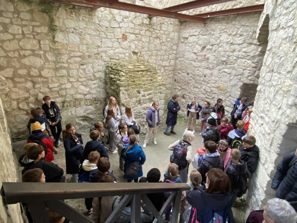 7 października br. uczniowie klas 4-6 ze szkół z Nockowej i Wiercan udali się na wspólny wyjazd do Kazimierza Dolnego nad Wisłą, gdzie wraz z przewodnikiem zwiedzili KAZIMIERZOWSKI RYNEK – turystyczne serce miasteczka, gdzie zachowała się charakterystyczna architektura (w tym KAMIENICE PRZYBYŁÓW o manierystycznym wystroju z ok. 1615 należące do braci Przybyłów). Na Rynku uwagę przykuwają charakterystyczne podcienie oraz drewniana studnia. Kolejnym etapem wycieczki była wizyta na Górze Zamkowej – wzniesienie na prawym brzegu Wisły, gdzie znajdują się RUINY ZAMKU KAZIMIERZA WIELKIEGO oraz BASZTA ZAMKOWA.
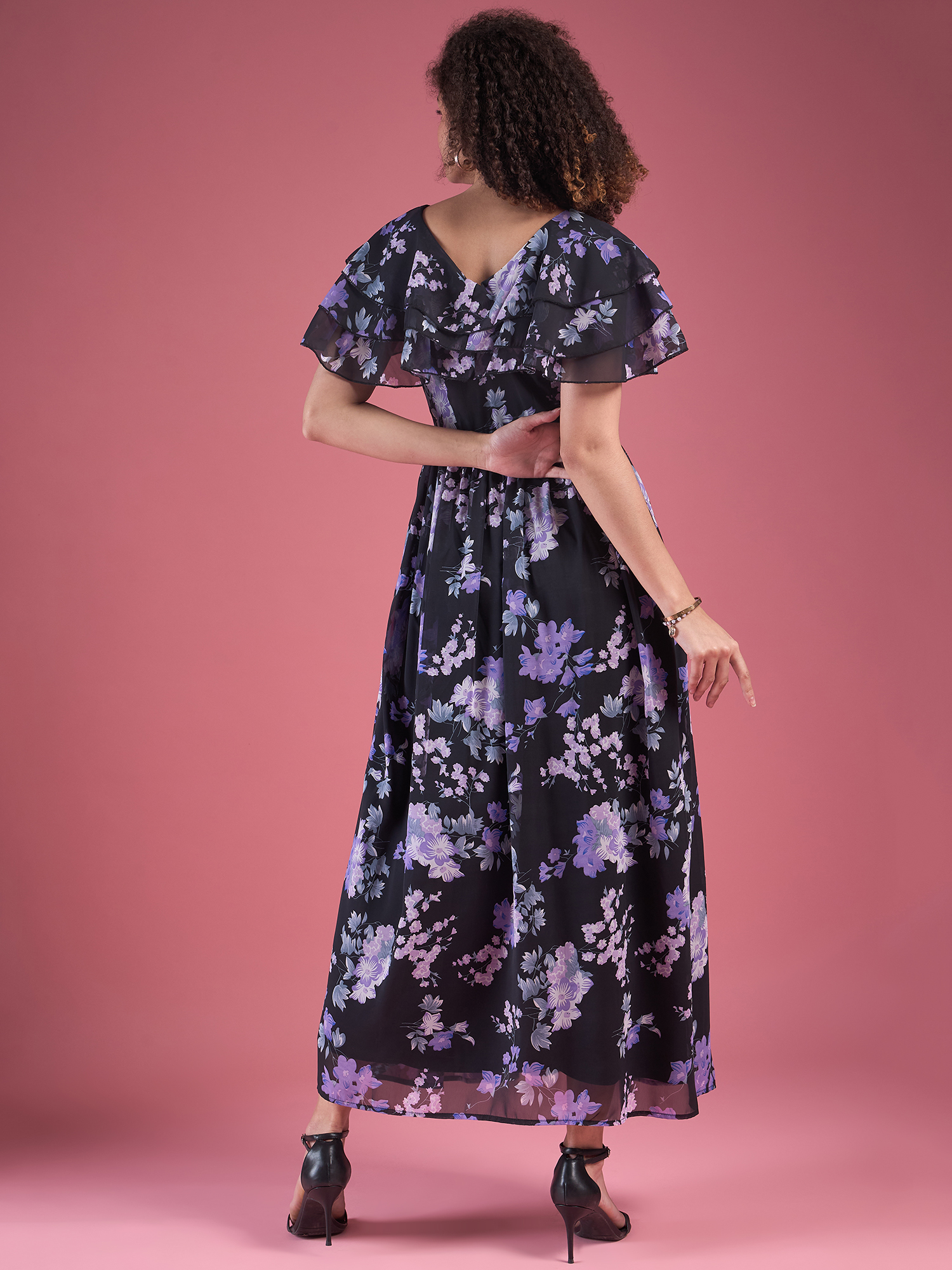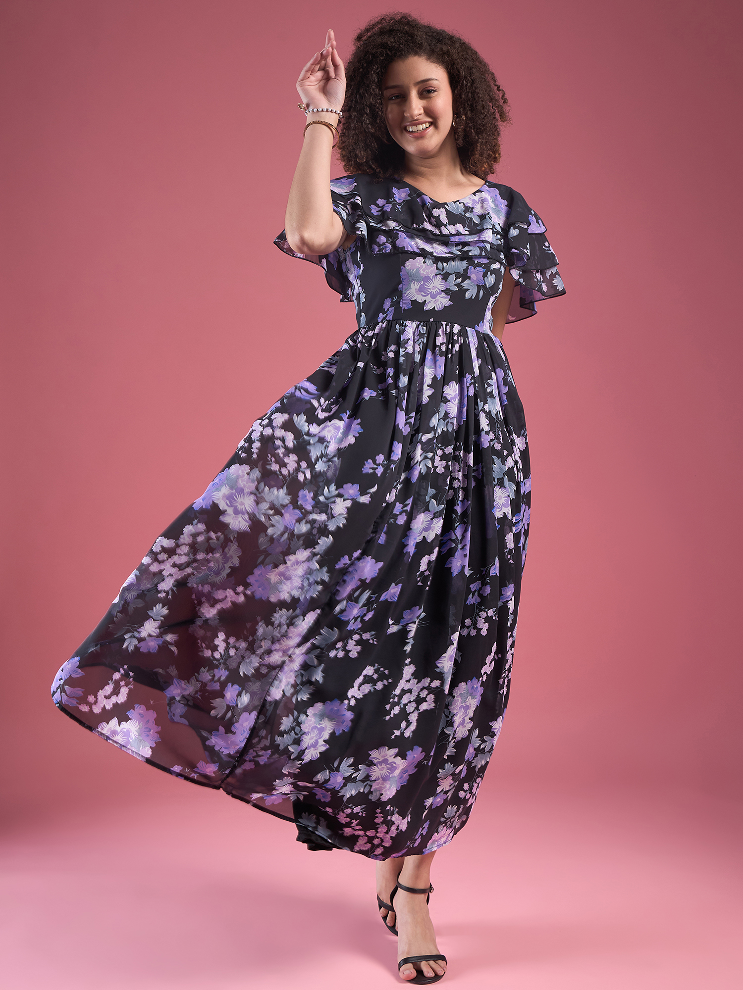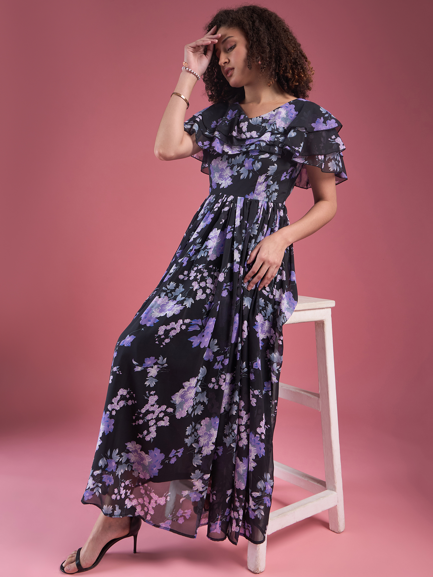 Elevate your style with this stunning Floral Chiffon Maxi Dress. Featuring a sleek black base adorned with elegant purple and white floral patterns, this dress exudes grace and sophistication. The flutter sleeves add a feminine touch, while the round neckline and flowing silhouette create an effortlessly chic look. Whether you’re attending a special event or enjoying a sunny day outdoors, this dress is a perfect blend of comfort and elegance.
---
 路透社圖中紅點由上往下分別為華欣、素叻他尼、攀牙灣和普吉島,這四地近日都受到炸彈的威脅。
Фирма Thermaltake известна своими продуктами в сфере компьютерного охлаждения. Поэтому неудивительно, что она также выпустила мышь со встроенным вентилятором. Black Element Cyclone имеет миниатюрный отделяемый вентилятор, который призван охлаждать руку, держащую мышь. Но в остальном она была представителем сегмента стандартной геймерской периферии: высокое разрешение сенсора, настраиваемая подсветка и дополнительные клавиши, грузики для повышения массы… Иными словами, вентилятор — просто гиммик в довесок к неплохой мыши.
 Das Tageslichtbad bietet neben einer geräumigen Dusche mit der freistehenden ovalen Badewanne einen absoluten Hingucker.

* WORK ORDER: Word for word, restate the lines of the listing above starting at the line with "Фирма Thermaltake известна" and ending at the line with "Das Tageslichtbad bietet", and nothing outside them.

* SOLUTION FOR THIS PROBLEM:
Фирма Thermaltake известна своими продуктами в сфере компьютерного охлаждения. Поэтому неудивительно, что она также выпустила мышь со встроенным вентилятором. Black Element Cyclone имеет миниатюрный отделяемый вентилятор, который призван охлаждать руку, держащую мышь. Но в остальном она была представителем сегмента стандартной геймерской периферии: высокое разрешение сенсора, настраиваемая подсветка и дополнительные клавиши, грузики для повышения массы… Иными словами, вентилятор — просто гиммик в довесок к неплохой мыши.
 Das Tageslichtbad bietet neben einer geräumigen Dusche mit der freistehenden ovalen Badewanne einen absoluten Hingucker.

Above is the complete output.